Both sexes fully winged. Body and legs brown, antennal segments III–VI yellow at base; fore wings pale. Head longer than wide, projecting slightly in front of eyes; wider across cheeks than across eyes, cheeks with several seta-bearing small tubercles; surface reticulate; postocular setae wide apart; maxillary stylets retracted to eyes, close together medially. Antennae 8-segmented; segment III with three sensoria, IV with four sensoria; VIII constricted at base. Pronotum reticulate; with five pairs of hyaline, capitate major setae. Fore tarsus with slender tooth. Metanotum boldly reticulated. Fore wing weakly constricted medially, with about eight duplicated cilia. Abdominal tergites II–VII with two pairs of sigmoid wing-retaining setae, also marginal setae S1 with broadly expanded asymmetric apex; tergite IX setae S1 capitate, about half as long as tube.

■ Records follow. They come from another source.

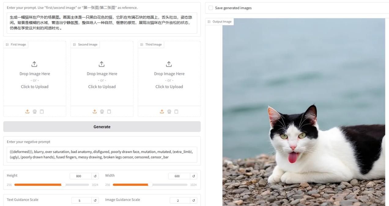 我们直接使用一段中文提示词,来测试图片生成功能:“生成一幅猫咪在户外的场景图。画面主体是一只黑白花色的猫,它趴在布满石块的地面上,舌头吐出,姿态悠闲。背景是模糊的水域,营造出宁静氛围,整体给人一种自然、惬意的感觉,展现出猫咪在户外放松的状态,仿佛在享受这片刻的闲适时光。”
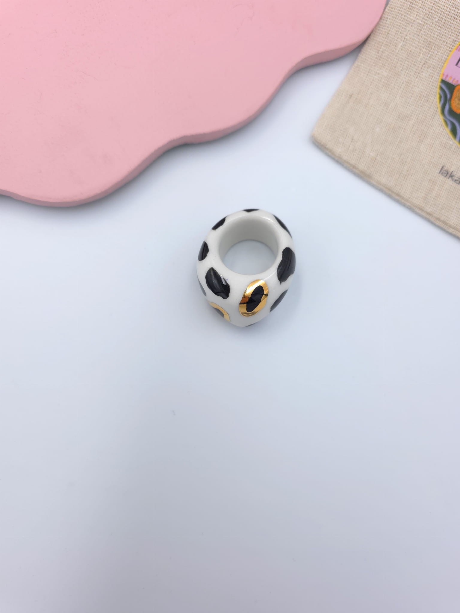 Unikatowy pierścionek z porcelany, zdobiony prawdziwym złotem.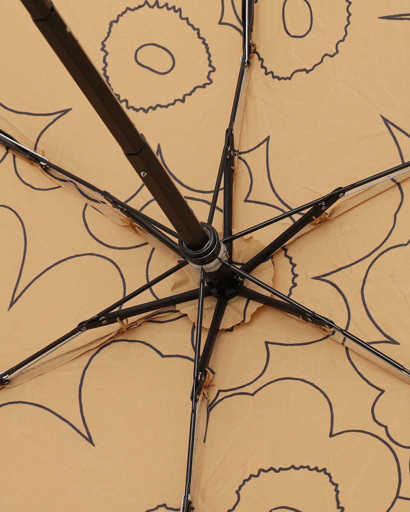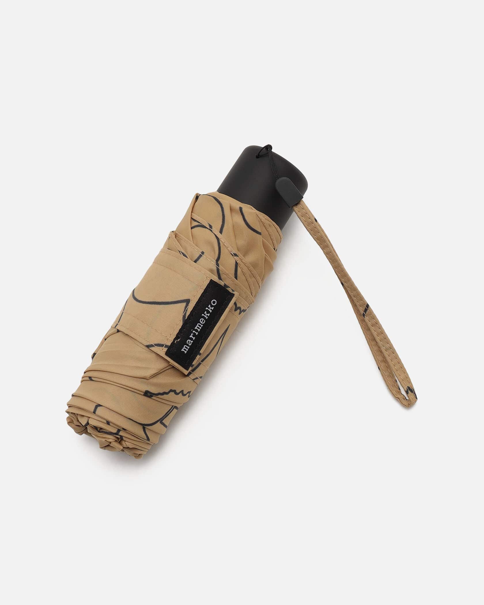Unikko柄のグラフィカルなラインを強調した、ミニマリズムを彷彿とさせるPiirto Unikkoパターンの折りたたみ傘。バッグの中でもかさばらないスリムなフォルム。同柄の専用カバーと手に掛けやすいストラップつき。

Male varying in size, large males with fore femora swollen, with two pointed tubercles at inner apex; sternite VIII apparently without pore plate.
Currently, over 100 species are listed in the genus Hoplandrothrips worldwide. Of these, more than 20 are described from North America, and Cott (1956) provided a key to four of the five species recorded from California. Stannard (1968) provided a key to seven species from Illinois, and Mound & Marullo (1996) a key to 18 Neotropical species. Species concepts within this, and several other, fungus feeding genera remain unclear, due to structural variation involving allometric growth patterns in one or both sexes.
Hoplandrothrips armiger (Jones)
Breeding on dead branches.
Unidentified fungal hyphae, particularly under bark scales of native Sycamore, Platanus racemosa (Platanaceae).